→ ASSIGNMENT
From the listing below, set down exactly the lines between the one holding "Il Gruppo Alpini" and the one holding "- Add the peeled", inclusive. No other line is wanted.
╭─ AVAILABLE DATA
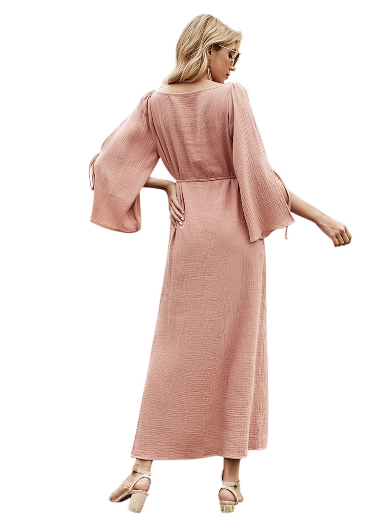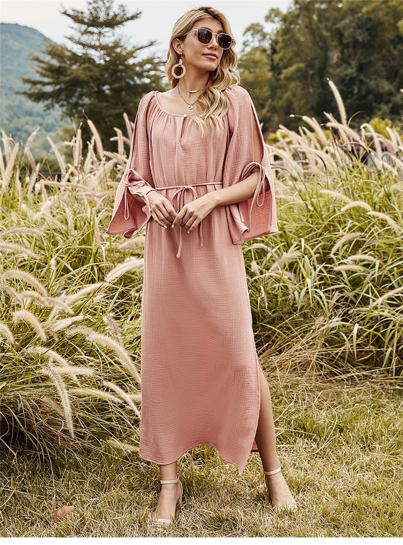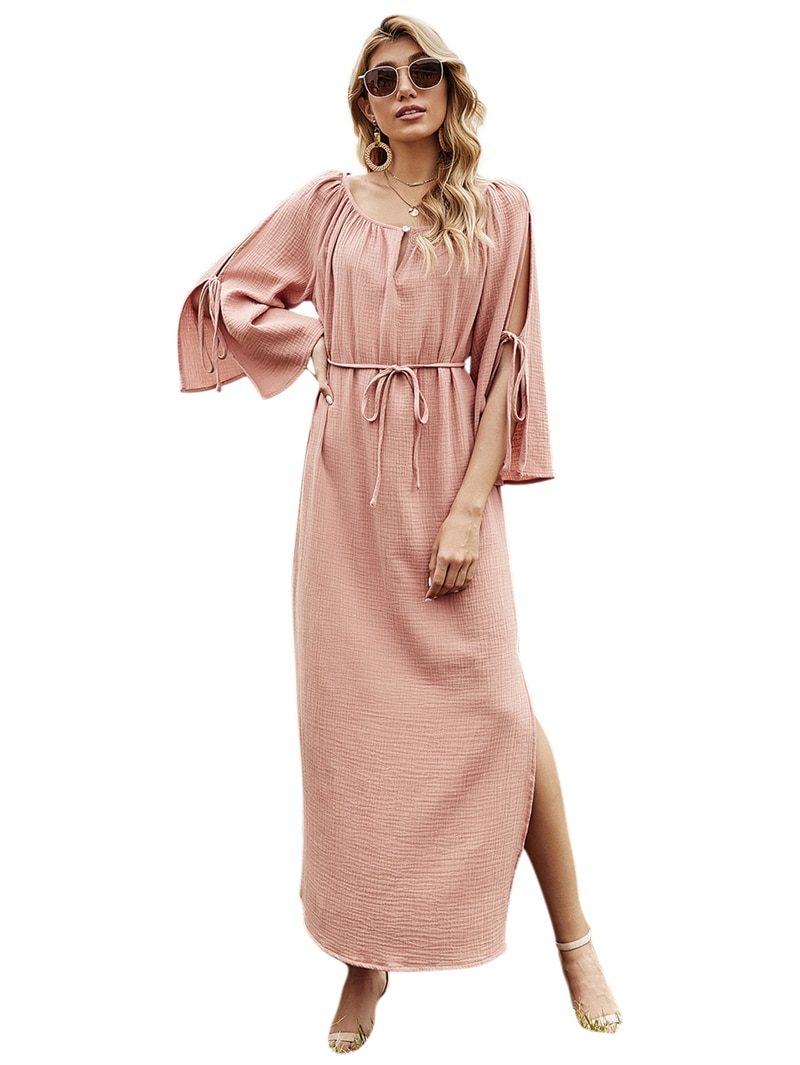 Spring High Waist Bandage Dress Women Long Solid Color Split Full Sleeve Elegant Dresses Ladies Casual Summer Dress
╰─
╭─ AVAILABLE DATA
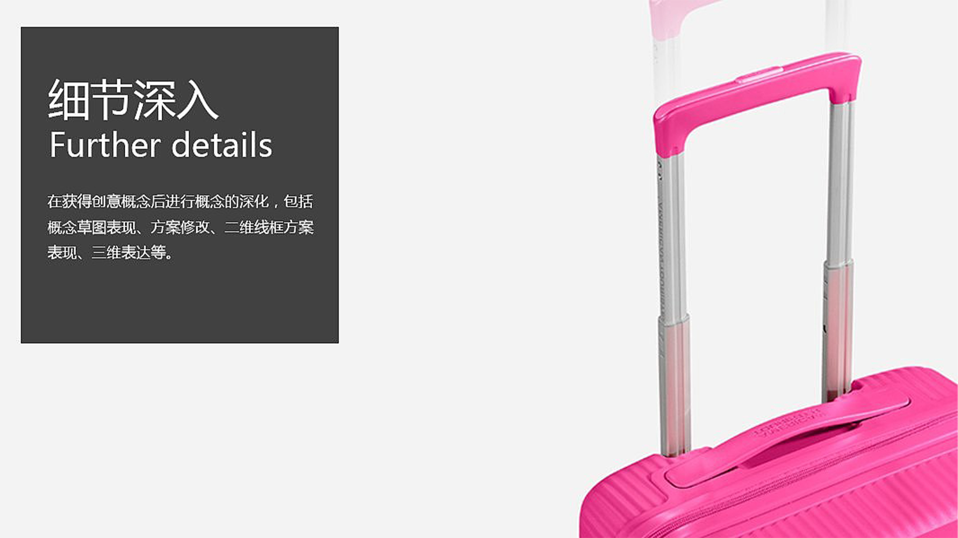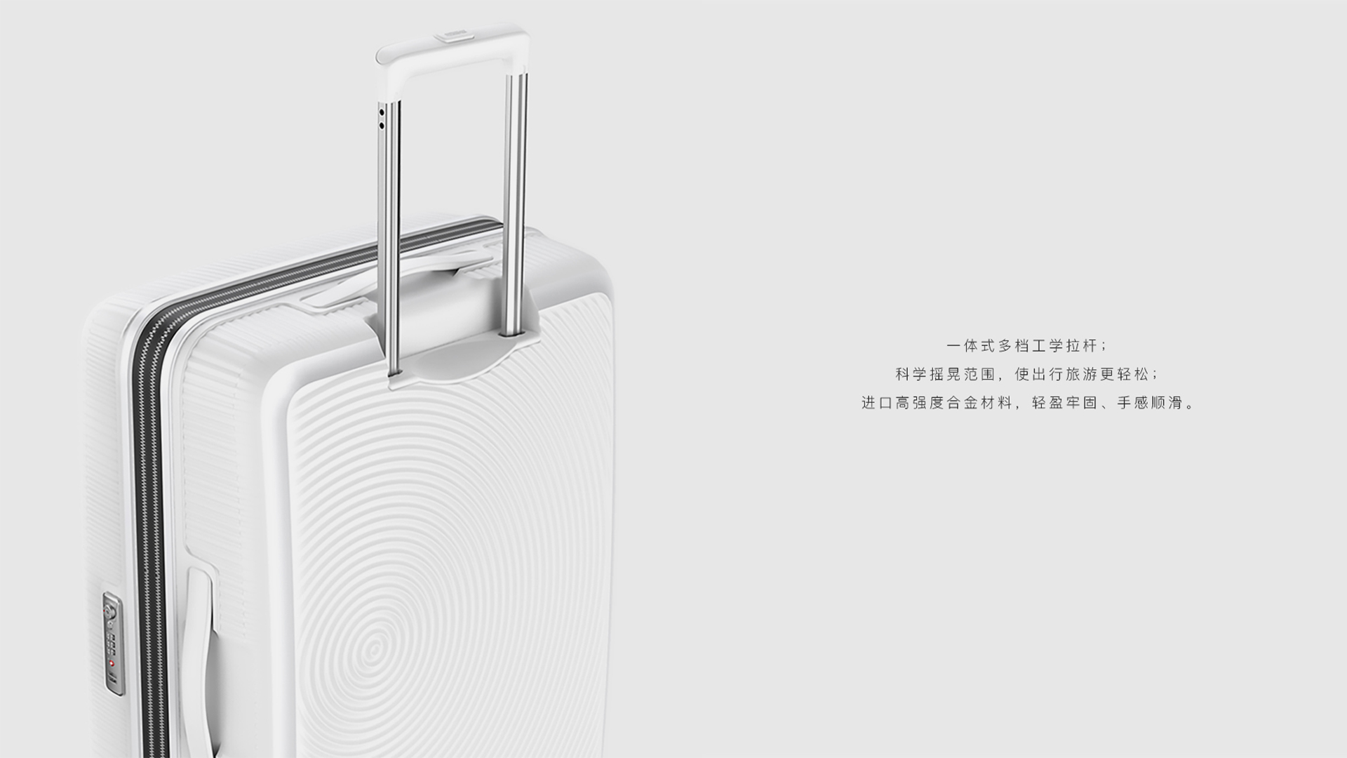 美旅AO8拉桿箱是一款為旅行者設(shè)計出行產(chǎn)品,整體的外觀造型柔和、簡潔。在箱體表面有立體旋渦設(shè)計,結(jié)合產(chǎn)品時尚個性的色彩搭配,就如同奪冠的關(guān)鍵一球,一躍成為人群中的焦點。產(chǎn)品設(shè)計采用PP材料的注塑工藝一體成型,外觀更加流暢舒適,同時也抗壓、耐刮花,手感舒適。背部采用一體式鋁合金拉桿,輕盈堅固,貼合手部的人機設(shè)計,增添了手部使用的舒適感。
╰─
╭─ AVAILABLE DATA
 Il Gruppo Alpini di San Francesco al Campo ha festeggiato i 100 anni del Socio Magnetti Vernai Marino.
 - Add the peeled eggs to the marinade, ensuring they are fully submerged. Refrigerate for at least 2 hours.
╰─
→ FINISHED EXERCISE
 Il Gruppo Alpini di San Francesco al Campo ha festeggiato i 100 anni del Socio Magnetti Vernai Marino.
 - Add the peeled eggs to the marinade, ensuring they are fully submerged. Refrigerate for at least 2 hours.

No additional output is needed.